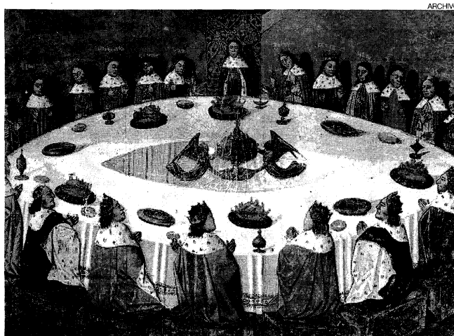
Pintura francesa del siglo XV que escenifica a los caballeros de la mesa redonda ante la aparición del Santo Grial el domingo de Pentecostés. La búsqueda del cáliz con la sangre de Cristo es uno de los enigmas con los que mejor juega Dan Brown, como se explica en varios de los libros (abajo) que han salido a rebufo del éxito del autor.
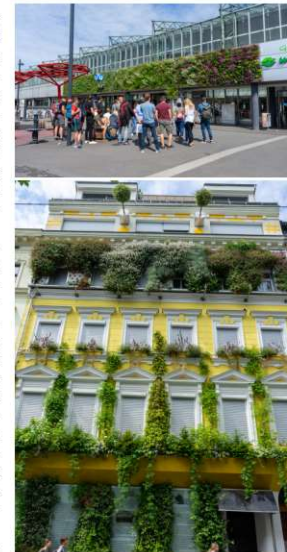
Oben eine Grünfassade am Bahnhof Spittelau, unten ein Bürgerhaus in der Hannovergasse mit verschiedenen Begrünungen.

Den Rest des Vormittages bestritten wir mit unserem Busfahrer Till, der uns mit den Objektadressen im Navi noch an ein Hotel mit exzellenter In-
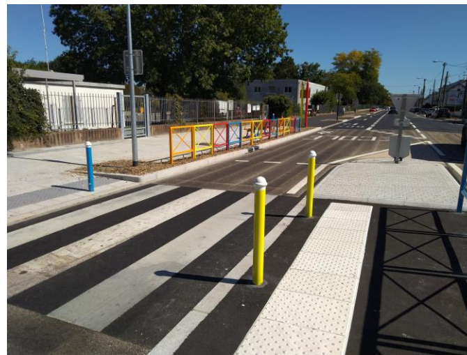
Ecole La Chauvinière - Nantes

À proximité d'un boulevard : mise en place d'un îlot piéton large avec une signalétique renforcée, et une sécurisation des traversées piétonnes →
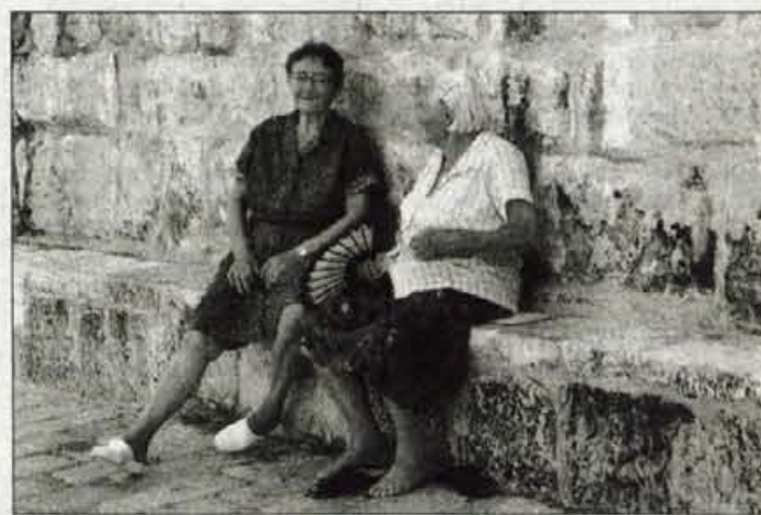
Osteoporoza prizadene vsako tretjo žensko v menopavzi.

Osteoporoza zmanjšuje kostno gostoto kar pomeni, da kost izgublja trdnost in je čedalje bolj krhka, zato se hitreje zlomi, pogostejši so zapleteni zlomi, pojavijo se bolečine v križu, zanjo pa je značilno tudi sesedanje hrbtenice in postopno zmanjševanje telesne višine, manjša gostota kosti pa se lahko kaže tudi po ukrivljenosti hrbtenice in neravni drži.
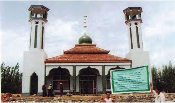
مسجد عباس محمد رفيع معرفي رقم ٤٥٥٧ في الصين - تنفيذ الهيئة الخيرية الإسلامية العالمية

٣- مسجد عباس محمد رفيع معرفي - مشروع رقم ٤٥٥٧ - في الصين.
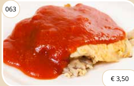
Foe Yon Hai met vlees Eggs with meat (LV,KV)
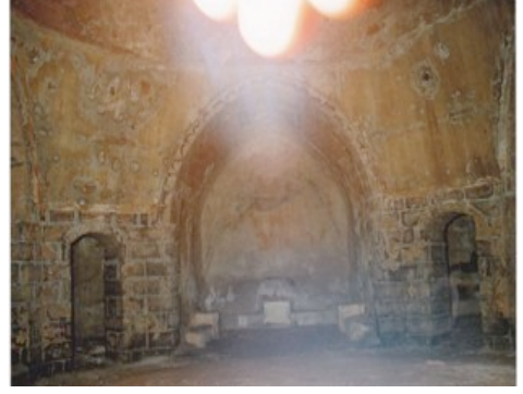
8. Fotoğraf: Saray Hamamı'nın İçi
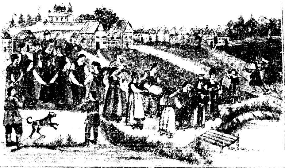
Рис. 2. Похороны Костромы («Вестник археологии и истории», вып. XX, СПб., 1911, стр. 91)
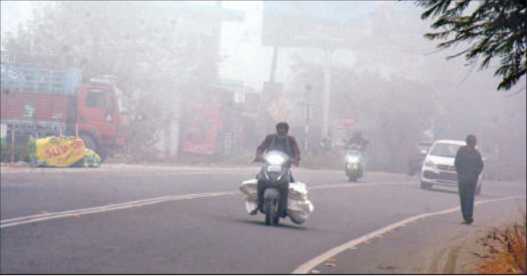
हल्द्वानी में गुरुवार को कोहरा छाने से दिन में लाइट चालू कर जाते वाहन चालक।

मौसम विज्ञान केंद्र के अनुसार हल्द्वानी में गुरुवार को न्यूनतम तापमान 0.5 डिग्री दर्ज किया गया है जो सामान्य से पांच डिग्री कम है। जनवरी माह में दर्ज किया गया अभी तक का सबसे कम तापमान है। सर्दियों के मौसम में इस बार दूसरी बार ऐसा हुआ है कि रात को पारा एक डिग्री से नीचे पहुंचा है। दिन के समय धूप निकलने से
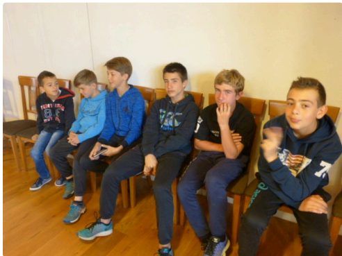
les jeunes espoirs du rugby
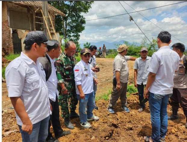
Gambar 1. Peletakan Batu Pertama BUMDes budi daya ikan air tawar di Desa Bumiwangi
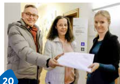
Dicke Luft ums Farinoli-Haus
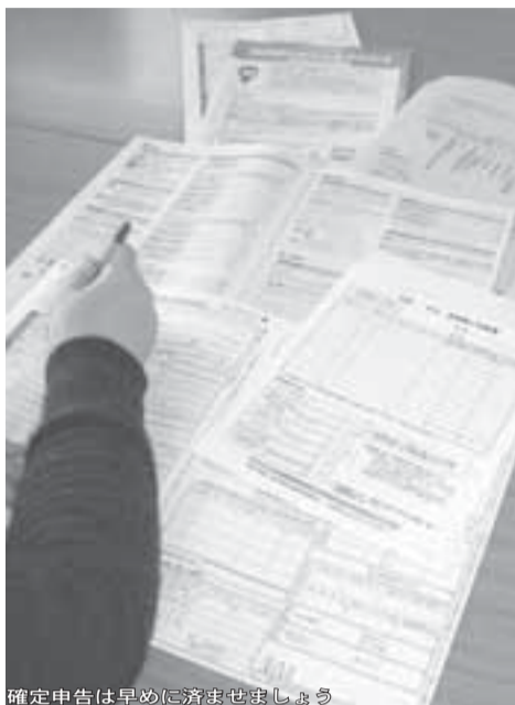
確定申告は早めに済ませましょう

2月16日(月)から市・県民税の申告と所得税の確定申告の受け付けが始まります。3月に入ると申告会場は大変混雑しますので、早めに申告を済ませましょう。

YOUR INSTRUCTIONS: Repeat the full listing above exactly, with no pictures in the copy.

ANSWER:
Pintura francesa del siglo XV que escenifica a los caballeros de la mesa redonda ante la aparición del Santo Grial el domingo de Pentecostés. La búsqueda del cáliz con la sangre de Cristo es uno de los enigmas con los que mejor juega Dan Brown, como se explica en varios de los libros (abajo) que han salido a rebufo del éxito del autor.
Oben eine Grünfassade am Bahnhof Spittelau, unten ein Bürgerhaus in der Hannovergasse mit verschiedenen Begrünungen.

Den Rest des Vormittages bestritten wir mit unserem Busfahrer Till, der uns mit den Objektadressen im Navi noch an ein Hotel mit exzellenter In-
Ecole La Chauvinière - Nantes

À proximité d'un boulevard : mise en place d'un îlot piéton large avec une signalétique renforcée, et une sécurisation des traversées piétonnes →
Osteoporoza prizadene vsako tretjo žensko v menopavzi.

Osteoporoza zmanjšuje kostno gostoto kar pomeni, da kost izgublja trdnost in je čedalje bolj krhka, zato se hitreje zlomi, pogostejši so zapleteni zlomi, pojavijo se bolečine v križu, zanjo pa je značilno tudi sesedanje hrbtenice in postopno zmanjševanje telesne višine, manjša gostota kosti pa se lahko kaže tudi po ukrivljenosti hrbtenice in neravni drži.
مسجد عباس محمد رفيع معرفي رقم ٤٥٥٧ في الصين - تنفيذ الهيئة الخيرية الإسلامية العالمية

٣- مسجد عباس محمد رفيع معرفي - مشروع رقم ٤٥٥٧ - في الصين.
Foe Yon Hai met vlees Eggs with meat (LV,KV)
8. Fotoğraf: Saray Hamamı'nın İçi
Рис. 2. Похороны Костромы («Вестник археологии и истории», вып. XX, СПб., 1911, стр. 91)
हल्द्वानी में गुरुवार को कोहरा छाने से दिन में लाइट चालू कर जाते वाहन चालक।

मौसम विज्ञान केंद्र के अनुसार हल्द्वानी में गुरुवार को न्यूनतम तापमान 0.5 डिग्री दर्ज किया गया है जो सामान्य से पांच डिग्री कम है। जनवरी माह में दर्ज किया गया अभी तक का सबसे कम तापमान है। सर्दियों के मौसम में इस बार दूसरी बार ऐसा हुआ है कि रात को पारा एक डिग्री से नीचे पहुंचा है। दिन के समय धूप निकलने से
les jeunes espoirs du rugby
Gambar 1. Peletakan Batu Pertama BUMDes budi daya ikan air tawar di Desa Bumiwangi
Dicke Luft ums Farinoli-Haus
確定申告は早めに済ませましょう

2月16日(月)から市・県民税の申告と所得税の確定申告の受け付けが始まります。3月に入ると申告会場は大変混雑しますので、早めに申告を済ませましょう。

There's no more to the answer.